**Instructions to follow:** The answer should contain only the lines from the beginning of the entries through the line that holds "Inside Every Old Person Mug", given again exactly, with no pictures.

·····

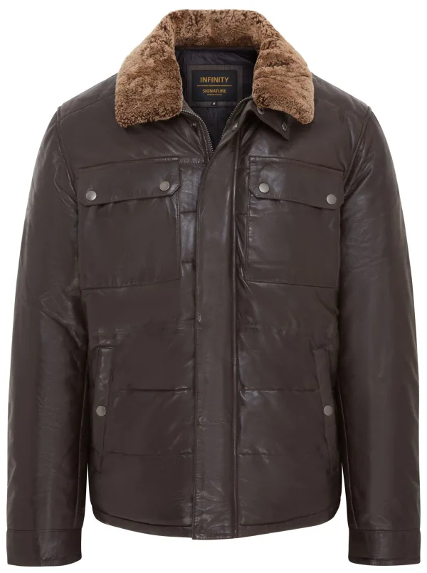 Heren Bruin Leren Puffer Gewatteerde Jas – Farsund Prijzen
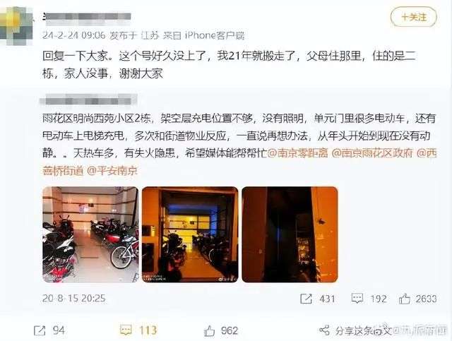 并在2021年6月再次发文称:“物业不作为,多次反馈依旧有人推电动车上楼,隐患很大,多次反馈街道物业无果。”
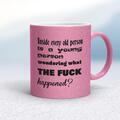 Inside Every Old Person Mug A rude mug with "Inside Every Old Person Is A Young Person Wondering What The Fuck Happened?" printed on both sides. Simple and straight to the point this rude mug is...
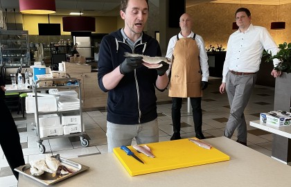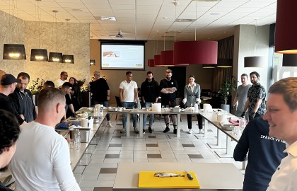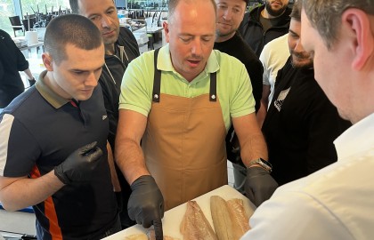Po úvodních formalitách a uvolněném seznámení jsme se společně se školiteli a zástupci Makra vrhli na ryby, tedy tu teoretickou část. Na několika slidech jsme se seznámili s tím, jak funguje moderní rybolov, jakým způsobem se ryby chovají, že se čerstvé ryby nakupují pomocí divoké aukce a že čerstvě vylovené ryby je nutné nechat alespoň dva dny odpočívat na ledu, než se mohou jíst. Za tu dobu stihnou z trhů ve Francii pohodlně doputovat až do Česka, takže ryby jsou vždy naprosto čerstvé. Také jsme se naučili poznat čerstvé ryby, což bylo především pro kuchaře opakování každodenní rutiny.
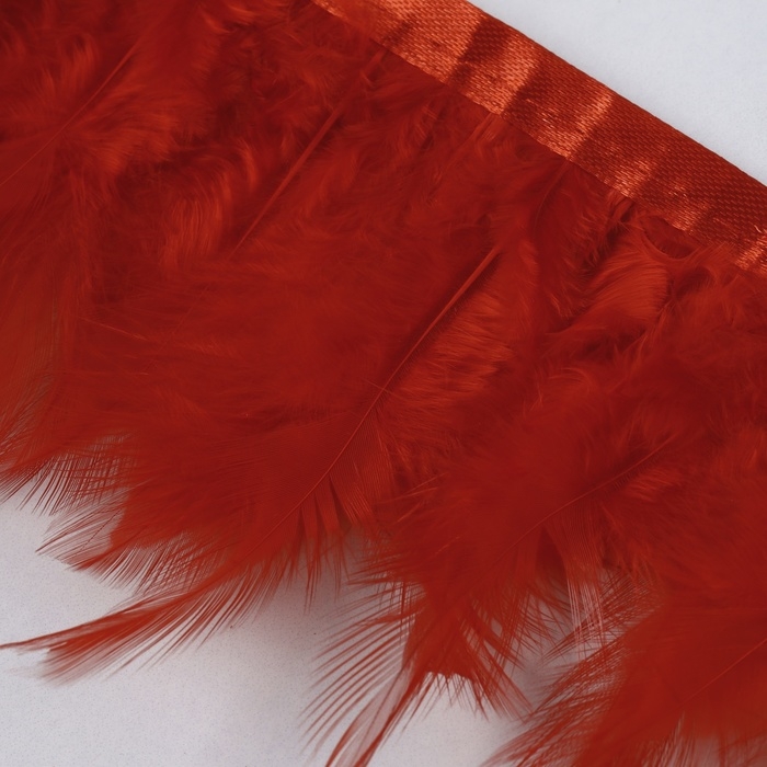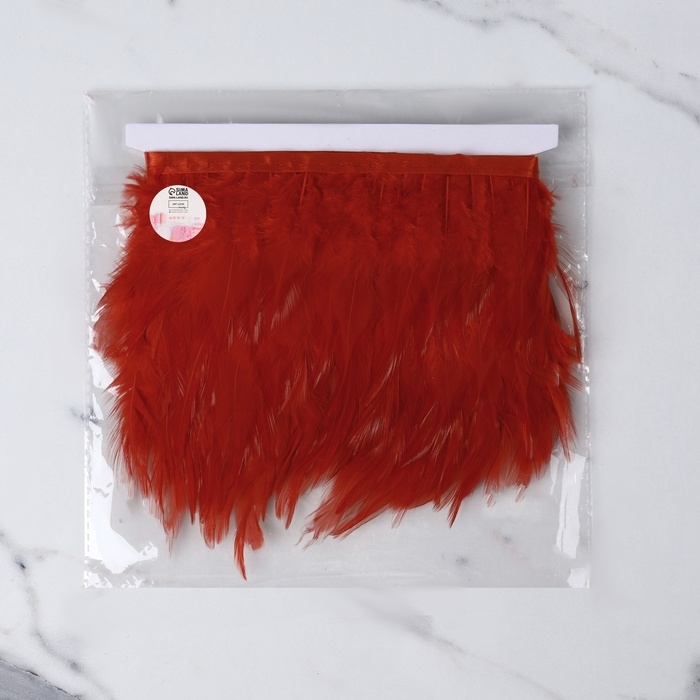 Тесьма с перьями петуха, 10-15 см, 5 ± 0,5 м, цвет красный

·····

**Task response:**
 Heren Bruin Leren Puffer Gewatteerde Jas – Farsund Prijzen
 并在2021年6月再次发文称:“物业不作为,多次反馈依旧有人推电动车上楼,隐患很大,多次反馈街道物业无果。”
 Inside Every Old Person Mug A rude mug with "Inside Every Old Person Is A Young Person Wondering What The Fuck Happened?" printed on both sides. Simple and straight to the point this rude mug is...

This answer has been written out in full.